:: Work required ::
Repeat the listing word for word, but skip any pictures.
####################
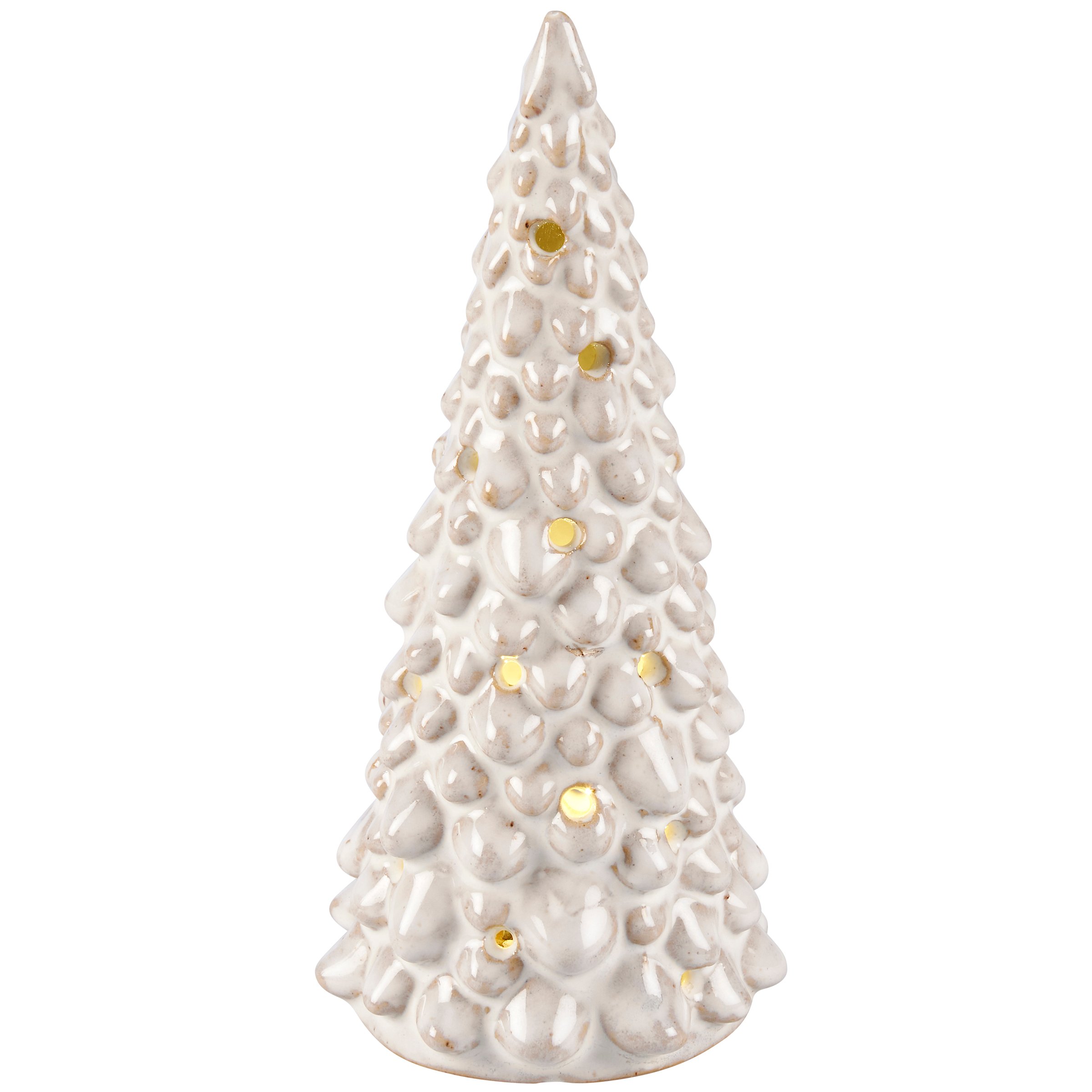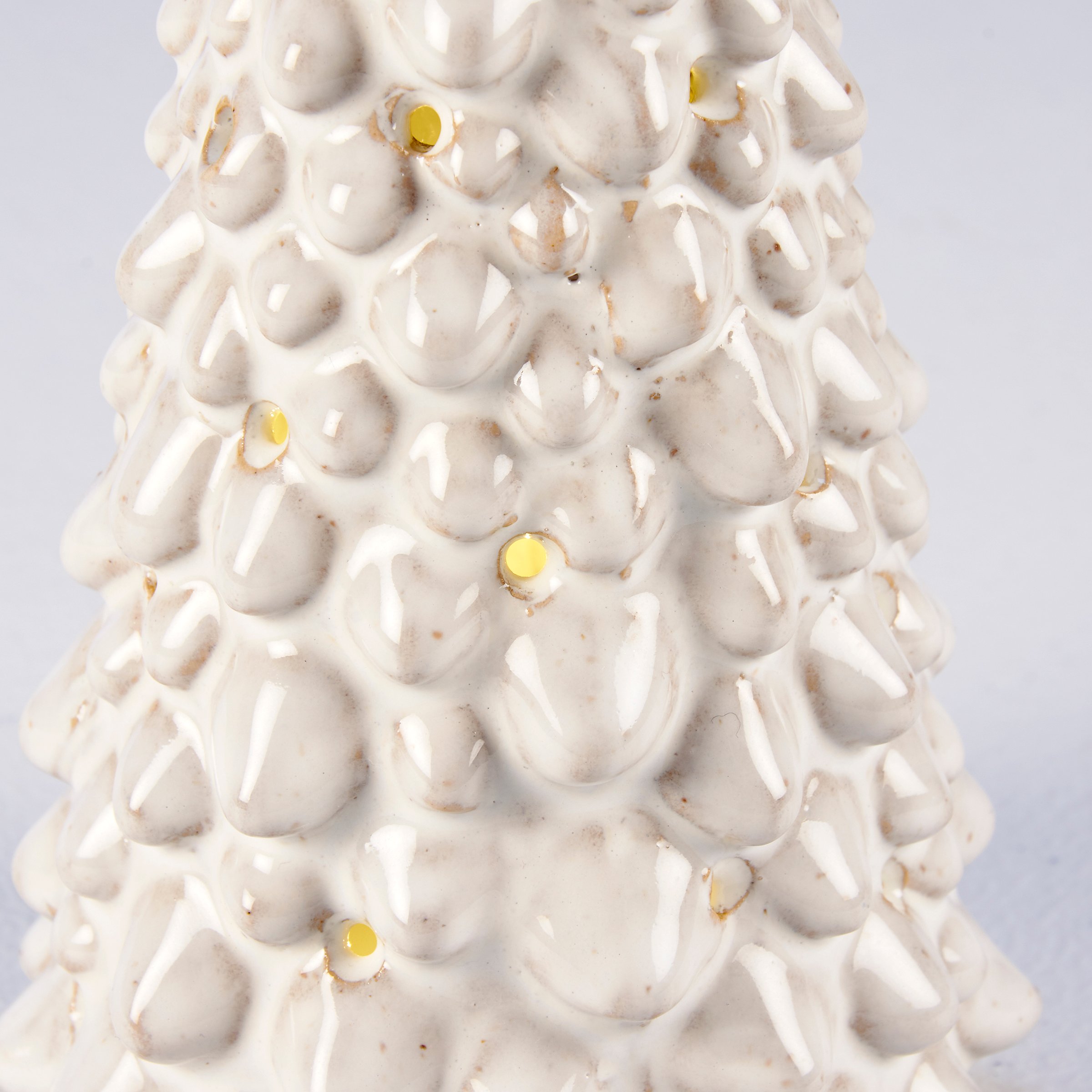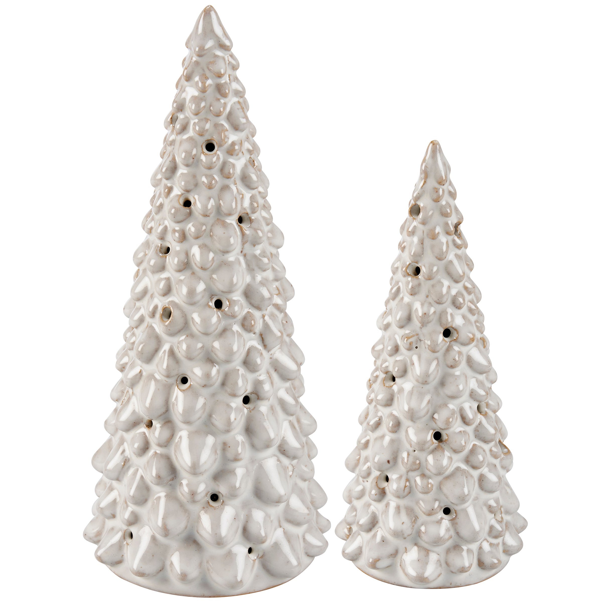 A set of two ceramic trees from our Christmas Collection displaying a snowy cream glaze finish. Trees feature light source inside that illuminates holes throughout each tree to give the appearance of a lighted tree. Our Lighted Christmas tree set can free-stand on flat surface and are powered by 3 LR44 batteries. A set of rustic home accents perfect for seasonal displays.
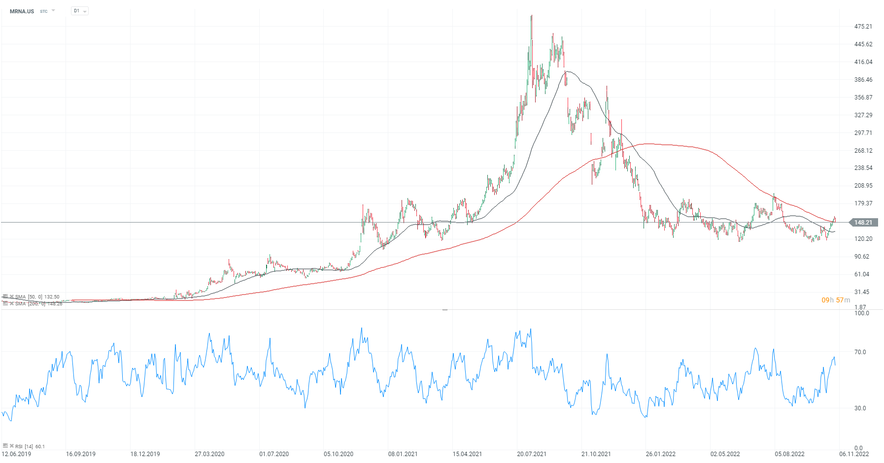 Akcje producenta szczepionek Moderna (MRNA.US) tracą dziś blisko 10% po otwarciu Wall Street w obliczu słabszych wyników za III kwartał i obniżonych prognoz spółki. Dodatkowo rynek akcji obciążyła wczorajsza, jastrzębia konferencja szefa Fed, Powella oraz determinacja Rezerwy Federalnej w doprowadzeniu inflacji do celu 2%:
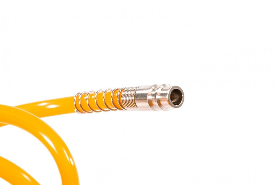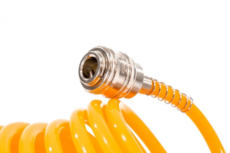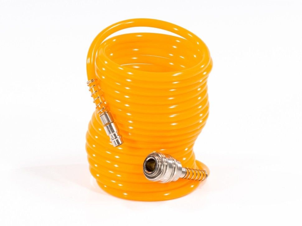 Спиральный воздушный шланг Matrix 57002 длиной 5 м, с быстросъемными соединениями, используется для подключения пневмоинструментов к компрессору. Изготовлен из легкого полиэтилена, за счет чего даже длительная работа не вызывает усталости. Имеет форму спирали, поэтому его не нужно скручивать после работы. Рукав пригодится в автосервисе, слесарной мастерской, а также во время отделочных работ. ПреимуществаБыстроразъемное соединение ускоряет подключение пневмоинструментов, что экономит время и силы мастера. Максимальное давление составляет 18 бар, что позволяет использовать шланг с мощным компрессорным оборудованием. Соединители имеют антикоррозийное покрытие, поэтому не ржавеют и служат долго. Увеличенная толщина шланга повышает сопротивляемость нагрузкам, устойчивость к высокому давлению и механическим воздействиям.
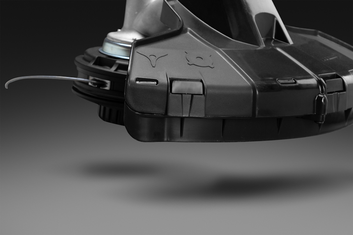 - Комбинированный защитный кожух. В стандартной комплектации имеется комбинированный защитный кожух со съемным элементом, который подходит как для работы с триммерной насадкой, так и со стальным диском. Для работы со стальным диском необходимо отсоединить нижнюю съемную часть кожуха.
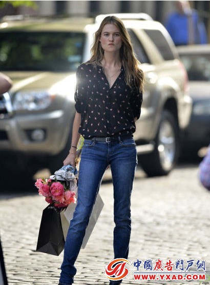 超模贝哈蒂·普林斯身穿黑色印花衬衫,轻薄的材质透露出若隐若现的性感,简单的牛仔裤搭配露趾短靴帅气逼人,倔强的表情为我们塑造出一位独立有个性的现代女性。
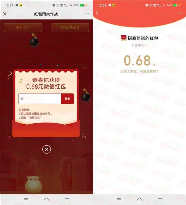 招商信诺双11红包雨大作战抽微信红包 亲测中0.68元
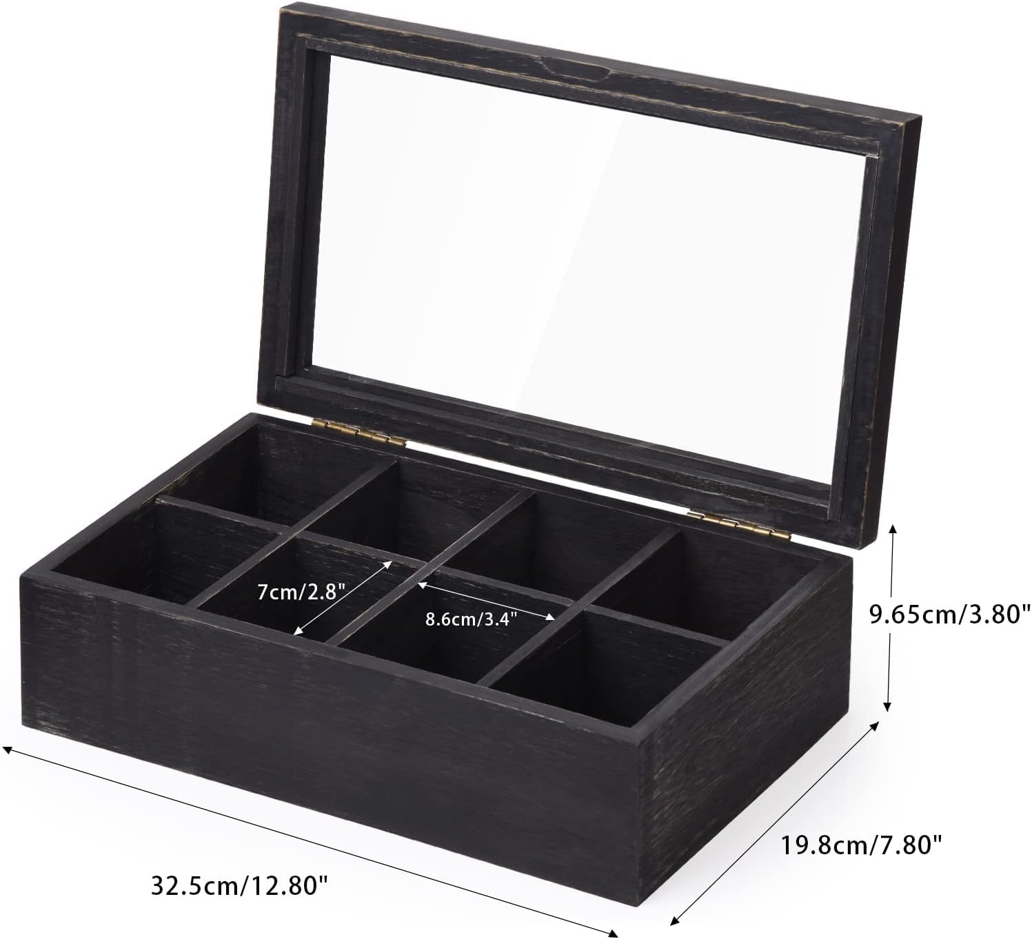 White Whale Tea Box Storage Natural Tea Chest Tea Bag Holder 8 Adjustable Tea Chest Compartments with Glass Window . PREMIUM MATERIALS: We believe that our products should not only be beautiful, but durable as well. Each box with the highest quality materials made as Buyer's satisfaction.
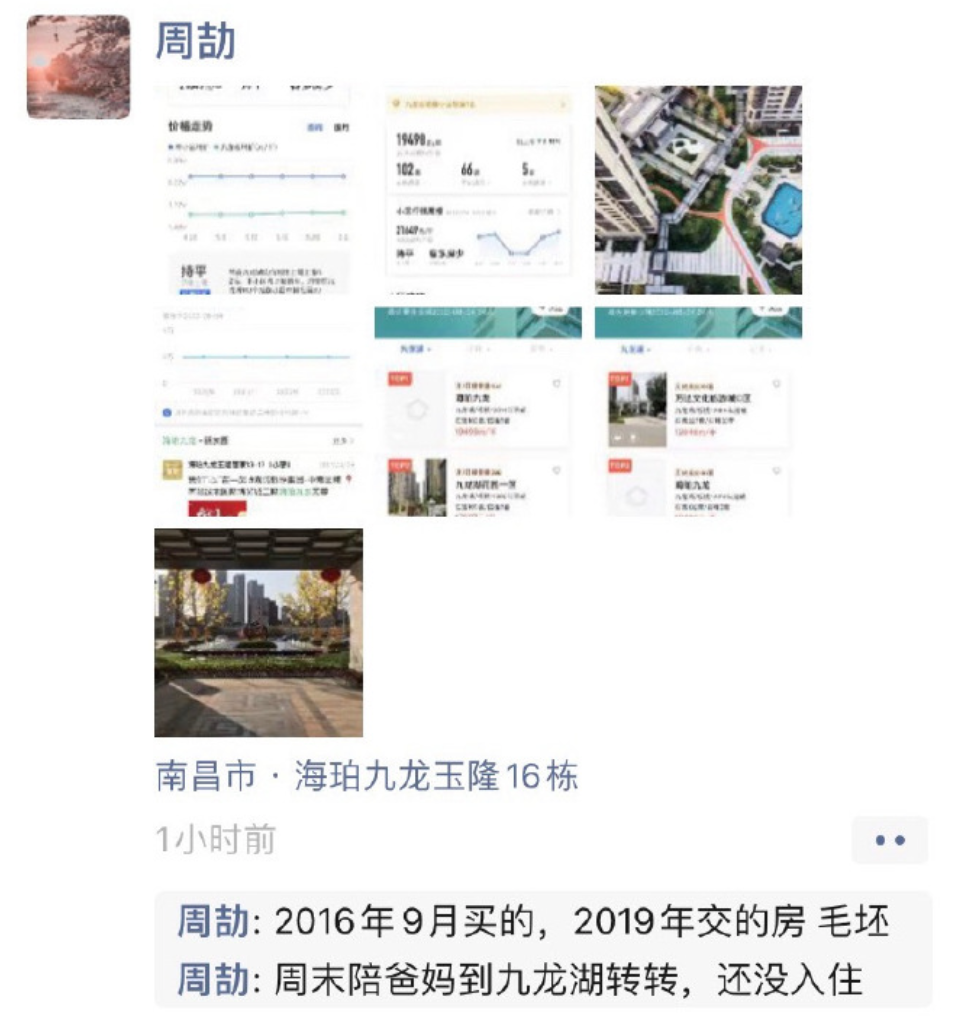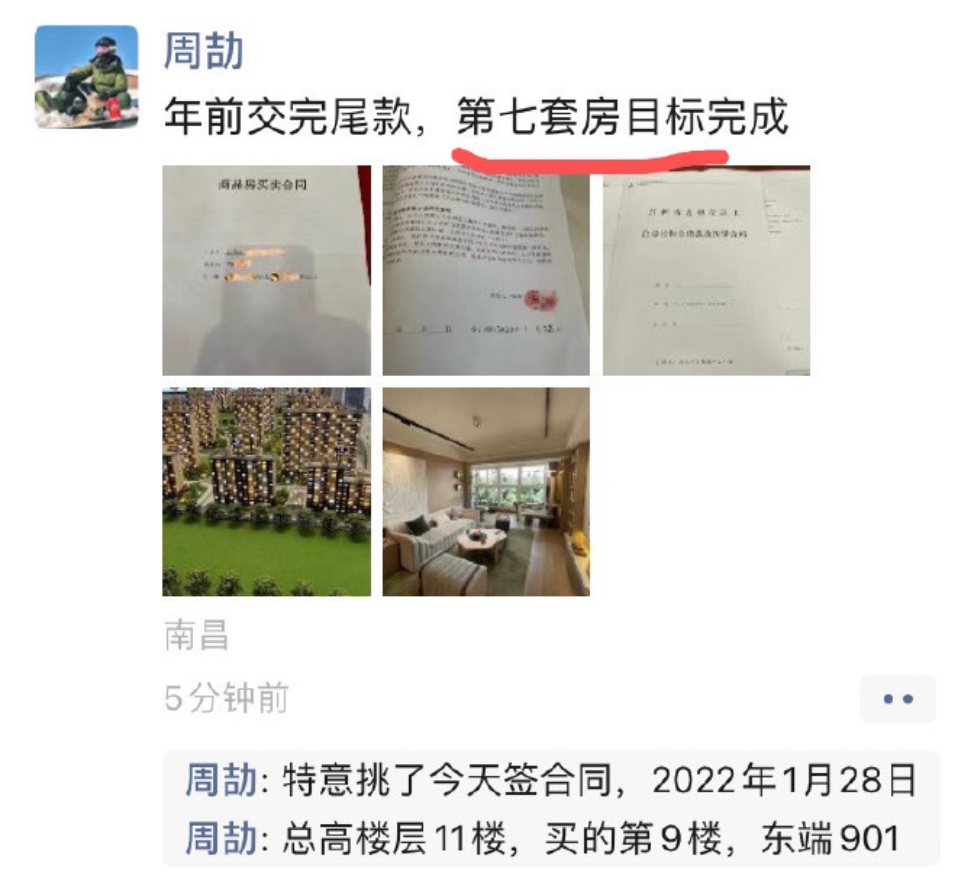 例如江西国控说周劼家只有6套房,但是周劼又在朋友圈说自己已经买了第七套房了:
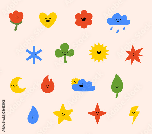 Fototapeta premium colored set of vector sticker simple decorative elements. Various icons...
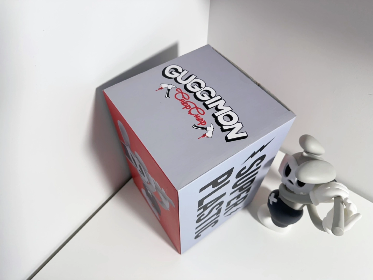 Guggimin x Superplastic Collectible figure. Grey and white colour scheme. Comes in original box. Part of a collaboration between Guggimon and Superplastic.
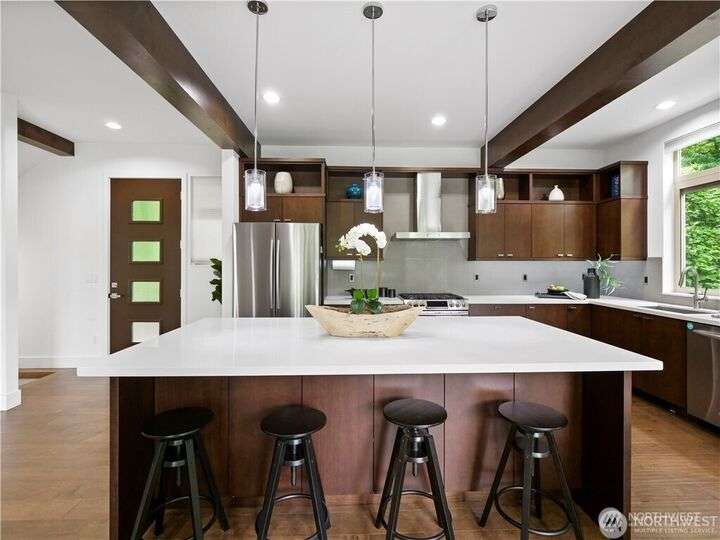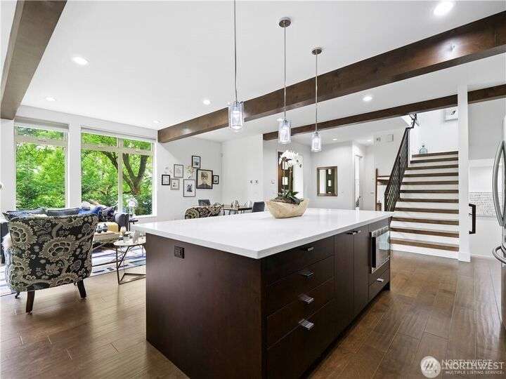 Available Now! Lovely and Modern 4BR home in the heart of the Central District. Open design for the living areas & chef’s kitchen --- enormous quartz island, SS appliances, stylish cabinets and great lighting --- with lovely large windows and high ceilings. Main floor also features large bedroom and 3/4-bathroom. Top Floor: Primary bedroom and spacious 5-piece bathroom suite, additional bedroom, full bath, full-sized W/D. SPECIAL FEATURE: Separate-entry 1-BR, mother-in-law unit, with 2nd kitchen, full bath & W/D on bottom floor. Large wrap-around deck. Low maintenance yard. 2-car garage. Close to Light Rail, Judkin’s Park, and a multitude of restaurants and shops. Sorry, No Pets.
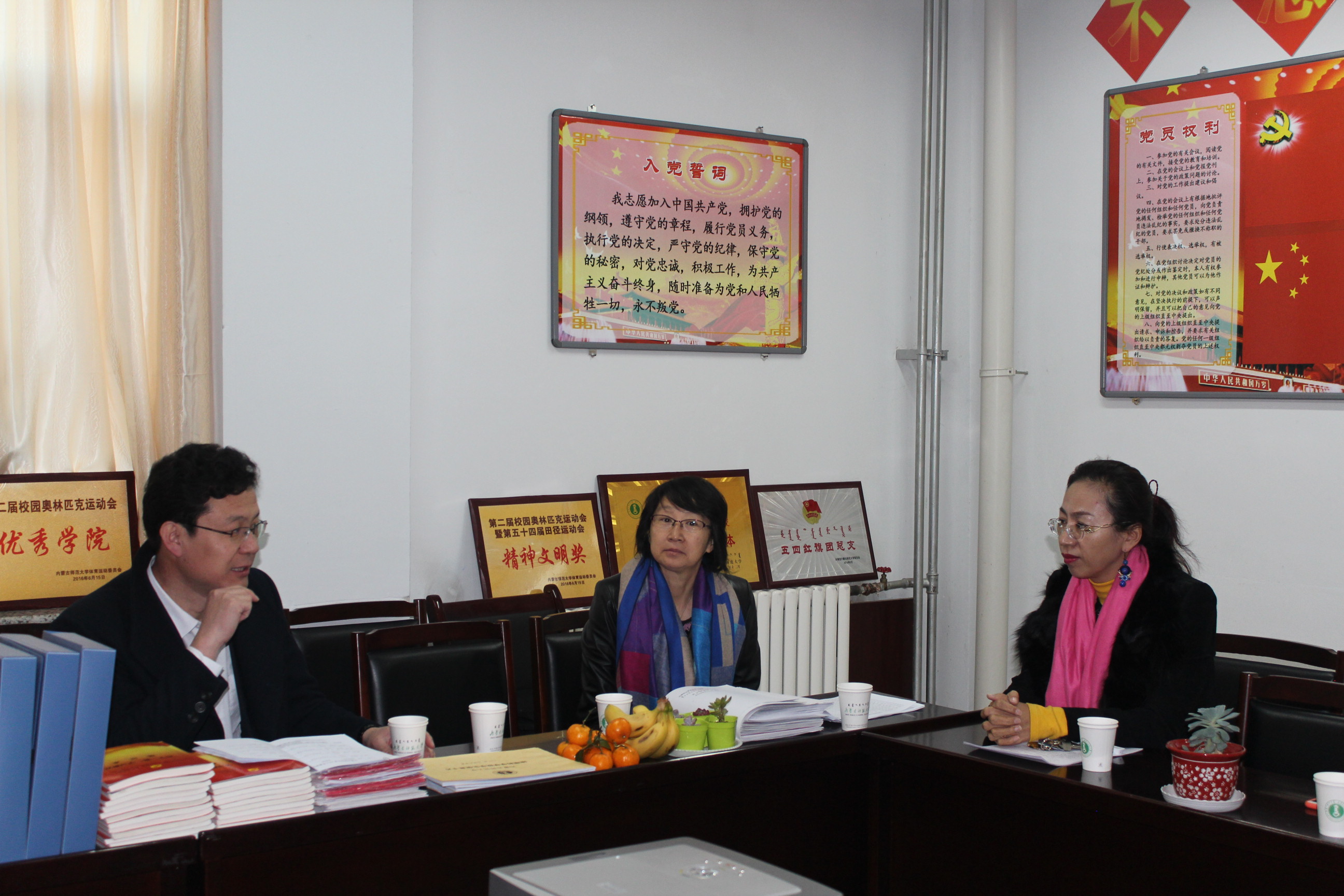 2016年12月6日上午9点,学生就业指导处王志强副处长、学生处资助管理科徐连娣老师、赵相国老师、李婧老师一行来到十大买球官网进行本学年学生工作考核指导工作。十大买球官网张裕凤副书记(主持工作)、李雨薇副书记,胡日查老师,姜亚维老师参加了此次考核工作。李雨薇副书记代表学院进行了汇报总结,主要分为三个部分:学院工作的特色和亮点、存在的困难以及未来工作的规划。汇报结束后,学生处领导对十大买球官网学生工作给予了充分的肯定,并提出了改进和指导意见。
####################
:: Written reply ::
 A set of two ceramic trees from our Christmas Collection displaying a snowy cream glaze finish. Trees feature light source inside that illuminates holes throughout each tree to give the appearance of a lighted tree. Our Lighted Christmas tree set can free-stand on flat surface and are powered by 3 LR44 batteries. A set of rustic home accents perfect for seasonal displays.
 Akcje producenta szczepionek Moderna (MRNA.US) tracą dziś blisko 10% po otwarciu Wall Street w obliczu słabszych wyników za III kwartał i obniżonych prognoz spółki. Dodatkowo rynek akcji obciążyła wczorajsza, jastrzębia konferencja szefa Fed, Powella oraz determinacja Rezerwy Federalnej w doprowadzeniu inflacji do celu 2%:
 Спиральный воздушный шланг Matrix 57002 длиной 5 м, с быстросъемными соединениями, используется для подключения пневмоинструментов к компрессору. Изготовлен из легкого полиэтилена, за счет чего даже длительная работа не вызывает усталости. Имеет форму спирали, поэтому его не нужно скручивать после работы. Рукав пригодится в автосервисе, слесарной мастерской, а также во время отделочных работ. ПреимуществаБыстроразъемное соединение ускоряет подключение пневмоинструментов, что экономит время и силы мастера. Максимальное давление составляет 18 бар, что позволяет использовать шланг с мощным компрессорным оборудованием. Соединители имеют антикоррозийное покрытие, поэтому не ржавеют и служат долго. Увеличенная толщина шланга повышает сопротивляемость нагрузкам, устойчивость к высокому давлению и механическим воздействиям.
 - Комбинированный защитный кожух. В стандартной комплектации имеется комбинированный защитный кожух со съемным элементом, который подходит как для работы с триммерной насадкой, так и со стальным диском. Для работы со стальным диском необходимо отсоединить нижнюю съемную часть кожуха.
 超模贝哈蒂·普林斯身穿黑色印花衬衫,轻薄的材质透露出若隐若现的性感,简单的牛仔裤搭配露趾短靴帅气逼人,倔强的表情为我们塑造出一位独立有个性的现代女性。
 招商信诺双11红包雨大作战抽微信红包 亲测中0.68元
 White Whale Tea Box Storage Natural Tea Chest Tea Bag Holder 8 Adjustable Tea Chest Compartments with Glass Window . PREMIUM MATERIALS: We believe that our products should not only be beautiful, but durable as well. Each box with the highest quality materials made as Buyer's satisfaction.
 例如江西国控说周劼家只有6套房,但是周劼又在朋友圈说自己已经买了第七套房了:
 Fototapeta premium colored set of vector sticker simple decorative elements. Various icons...
 Guggimin x Superplastic Collectible figure. Grey and white colour scheme. Comes in original box. Part of a collaboration between Guggimon and Superplastic.
 Available Now! Lovely and Modern 4BR home in the heart of the Central District. Open design for the living areas & chef’s kitchen --- enormous quartz island, SS appliances, stylish cabinets and great lighting --- with lovely large windows and high ceilings. Main floor also features large bedroom and 3/4-bathroom. Top Floor: Primary bedroom and spacious 5-piece bathroom suite, additional bedroom, full bath, full-sized W/D. SPECIAL FEATURE: Separate-entry 1-BR, mother-in-law unit, with 2nd kitchen, full bath & W/D on bottom floor. Large wrap-around deck. Low maintenance yard. 2-car garage. Close to Light Rail, Judkin’s Park, and a multitude of restaurants and shops. Sorry, No Pets.
 2016年12月6日上午9点,学生就业指导处王志强副处长、学生处资助管理科徐连娣老师、赵相国老师、李婧老师一行来到十大买球官网进行本学年学生工作考核指导工作。十大买球官网张裕凤副书记(主持工作)、李雨薇副书记,胡日查老师,姜亚维老师参加了此次考核工作。李雨薇副书记代表学院进行了汇报总结,主要分为三个部分:学院工作的特色和亮点、存在的困难以及未来工作的规划。汇报结束后,学生处领导对十大买球官网学生工作给予了充分的肯定,并提出了改进和指导意见。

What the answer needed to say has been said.